Haste, Not Waste: Fast-Moving Energy Deal Helps Drive Carbon-Neutral Economy - McDermott Will & Emery

Haste, Not Waste: Fast-Moving Energy Deal Helps Drive Carbon-Neutral Economy

THE SITUATION:

On the spectrum of renewable energy projects, investments in solar and wind power are fairly common. But there’s an unsung hero in the renewable space: Anaerobic digestion converts organic waste, such as animal manure and coffee grounds, into byproducts that can be used to produce electrical power.

The few anaerobic digestion operations that exist in the United States are primarily in the development stage, and they present a rare and unique investment opportunity. Unlike traditional energy plants, which require operators to pay for coal, natural gas or other fuel to create electricity—or wind and solar facilities, which get their fuel at no cost from the environment—anaerobic digestion operators are paid to remove waste products to their facility for fuel. Among energy producers, they are fairly unique in generating revenue from both input (the fuel they use to create electricity) and output (the electricity produced).

THE CHALLENGE:

Private equity firm Irradiant Partners sought an opportunity to invest in the innovative emerging market of anaerobic digestion by providing one of the few industry players in the US, Bioenergy Devco, with development capital.
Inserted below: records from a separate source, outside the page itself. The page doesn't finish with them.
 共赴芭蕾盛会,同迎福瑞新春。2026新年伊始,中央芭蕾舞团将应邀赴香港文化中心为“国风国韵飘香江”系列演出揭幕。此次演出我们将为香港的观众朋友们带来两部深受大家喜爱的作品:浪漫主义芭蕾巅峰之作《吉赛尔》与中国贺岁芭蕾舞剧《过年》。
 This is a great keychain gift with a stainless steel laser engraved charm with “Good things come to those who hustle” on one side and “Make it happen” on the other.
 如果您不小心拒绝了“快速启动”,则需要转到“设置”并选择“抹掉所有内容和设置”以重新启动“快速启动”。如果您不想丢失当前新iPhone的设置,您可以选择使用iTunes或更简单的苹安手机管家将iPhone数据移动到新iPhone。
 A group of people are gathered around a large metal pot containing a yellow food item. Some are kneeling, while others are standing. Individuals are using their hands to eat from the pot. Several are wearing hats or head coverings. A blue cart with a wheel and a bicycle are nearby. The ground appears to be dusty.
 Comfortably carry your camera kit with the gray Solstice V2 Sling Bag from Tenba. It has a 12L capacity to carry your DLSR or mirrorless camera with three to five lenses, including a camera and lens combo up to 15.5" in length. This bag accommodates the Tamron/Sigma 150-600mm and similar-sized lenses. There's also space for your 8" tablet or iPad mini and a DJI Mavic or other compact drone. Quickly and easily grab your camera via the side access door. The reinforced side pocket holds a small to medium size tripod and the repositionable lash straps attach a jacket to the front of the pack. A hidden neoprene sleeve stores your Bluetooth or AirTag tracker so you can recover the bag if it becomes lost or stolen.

Irradiant tapped a cross-practice McDermott team, led by Chris Gladbach and Jim Salerno, to help structure and close the deal.

OUR OBJECTIVE:

To help Irradiant achieve its business goals and invest in a more sustainable future, McDermott needed to close the deal rapidly while protecting the client from unnecessary risk. The short timeframe, coupled with the complexity of the deal structure and diligence, required a deep bench of skilled lawyers with experience in the energy industry and in executing platform development deals.

THE OUTCOME:

In close partnership with Irradiant, McDermott worked around the clock to successfully close the deal within an abbreviated period. During that time, the team handled diligence work, used their findings to calculate potential risks, developed a unique investment structure and successfully managed a number of complex legal and transaction issues.
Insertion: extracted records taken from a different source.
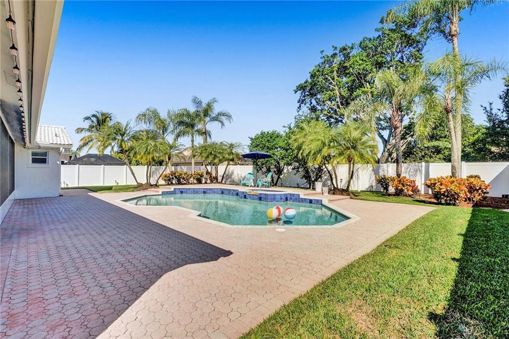 Beautiful King Arthur model 4/3.5 absolute must see! Immaculate and move-in ready! This house has so much to offer;Gorgeous impact door was just installed 2021;Split ACs; Beautiful kitchen offers wood cabinetry, granite counters & stainless appliances;Newly renovated bathrooms are a dream come true;His & Hers walk in closets;His and Hers full bathrooms;Spacious master w/ room for office;HUGE 11,253sq.ft. lot;LOW HOA$340/YR;2006 S-tile roof (no flat roof);Salt Water Pool & spa;10’x30’ covered screened patio w/ pavers throughout patio;Beautiful tile flooring in living area & higher profile baseboards;paver driveway;hurricane panels;impact garage door;sprinkler system;2020 beautiful white fence;Under-air laundry room w/ laundry tub;Great schools; close to hospitals,places of worship, =parks
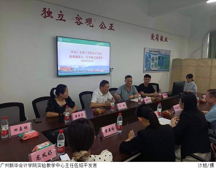 交流会上,吴翔首先对会计学院一行人的来访表示热烈的欢迎,并详细介绍了广州新华会计学院的学院概况、师资团队、专业特色、育人成果以及实验教学创新等取得的一系列成果。赵燕对新华会计学院的热情接待和实践教学管理方面的经验分享表示感谢,同时也对会计学院的基本情况作了简单介绍。
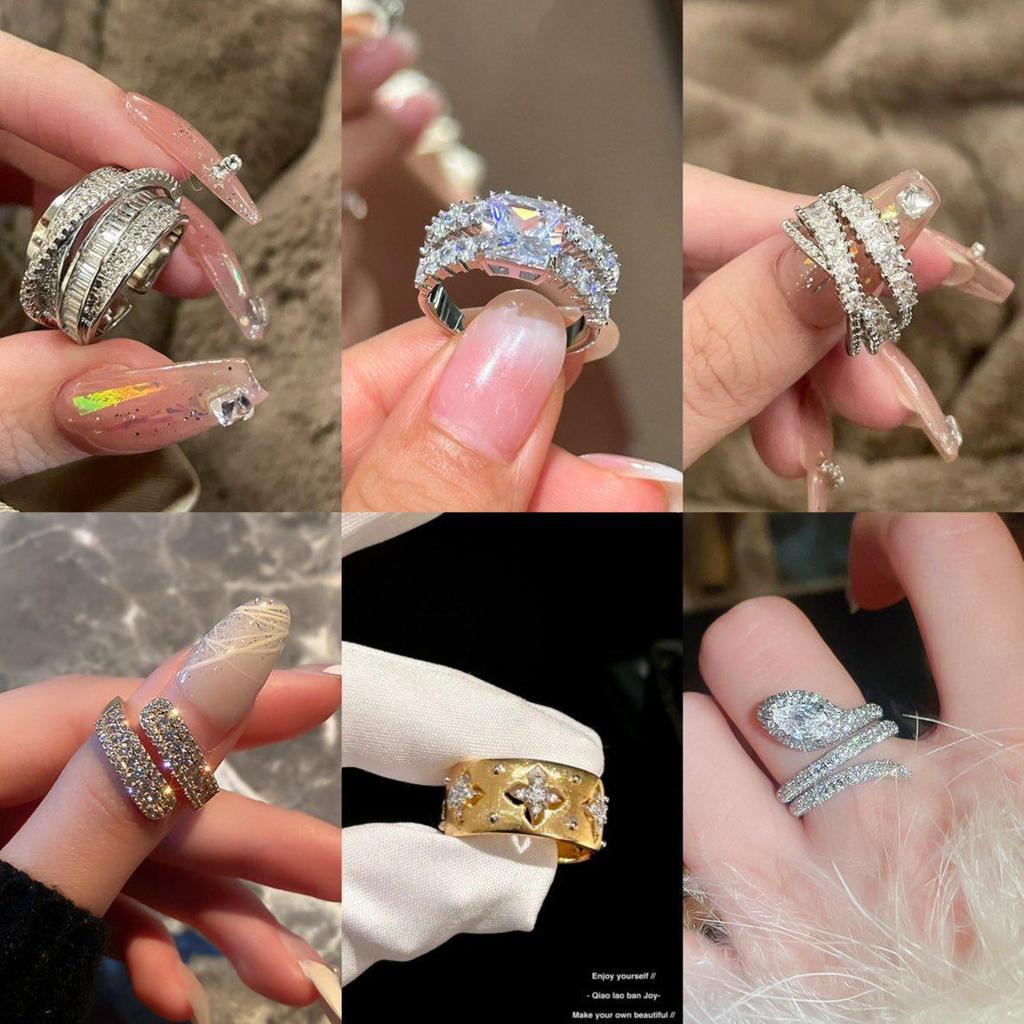 Platinum Zircon Multilayer Open Ring: Exquisite, Light Luxury, High-End Fashion, Versatile Jewelry Design

Irradiant’s $100 million investment in Bioenergy Devco will support the development of multiple anaerobic digestion facilities, ultimately driving sustainable organic waste recycling and reducing greenhouse gas emissions in North America.
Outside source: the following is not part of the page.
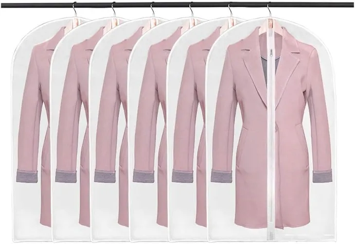 Przezroczyste pokrowce na ubrania i garnitury do szafy – zestaw 6 szt. Chronią odzież przed kurzem i zabrudzeniami, a przeźroczysta ścianka ułatwia szybkie rozpoznanie zawartości. Idealne do przechowywania sezonowego i porządkowania garderoby. Nowy produkt.
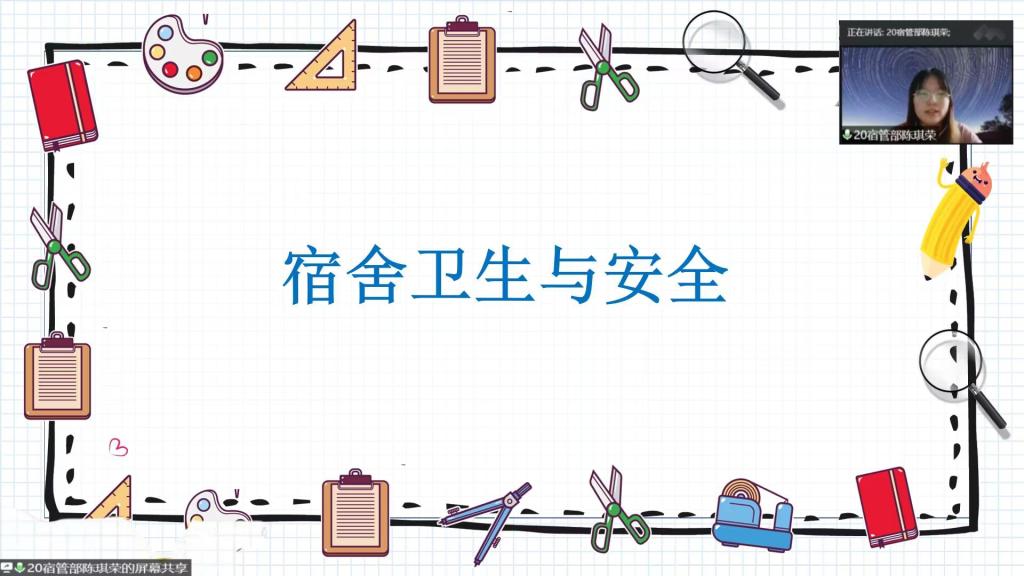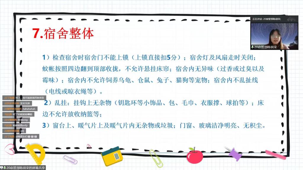 为推动新生宿舍的文明建设,创造整洁、文明、舒适、规范的生活环境,9月14日下午,正妹av 于腾讯会议举办宿舍卫生与安全教育会议。宿管部陈琪荣担任主讲人,2022级全体新生参加会议。 会议上,陈琪荣就宿舍卫生检查标准和宿舍安全规范两部分进行详细讲解。在宿舍卫生检查方面,她向新生详细地介绍了宿舍打扫的技巧和检查标准,包括床底鞋子的摆放,床单被子的整洁,行李箱、脸盆、暖瓶的排列,阳台衣物的挂晾等。在宿舍安全规范方面,她重点强调了防火用电安全、违规电器检查及处罚、人身及财产安全保护和晚归检查四个方面。最后,陈琪荣对新生提出的问题给予了耐心的解答。

Because Bioenergy Devco’s anaerobic digestion facilities are in development and not yet operational, Irradiant’s investment demonstrated confidence in the company’s vision and management story, providing development capital on the corporate finance level to help propel the projects forward. However, the deal also featured aspects of project finance, with diligence review examining the state of Bioenergy Devco’s projects, stress testing their contracts and more. To accommodate the crossover between corporate and project finance, the McDermott team developed a unique investment structure for the transaction.

MOVE FASTER:

Deals of this size and complexity typically require four to six months to close. In Irradiant’s case, McDermott married principles of project finance and corporate finance—drawing on the experience and knowledge of a premier private equity practice, along with an energy and project finance practice that Law360 recognized as its Project Finance Group of 2021—to provide Irradiant with the legal sophistication and responsive, client-oriented team they needed to close the deal much more quickly.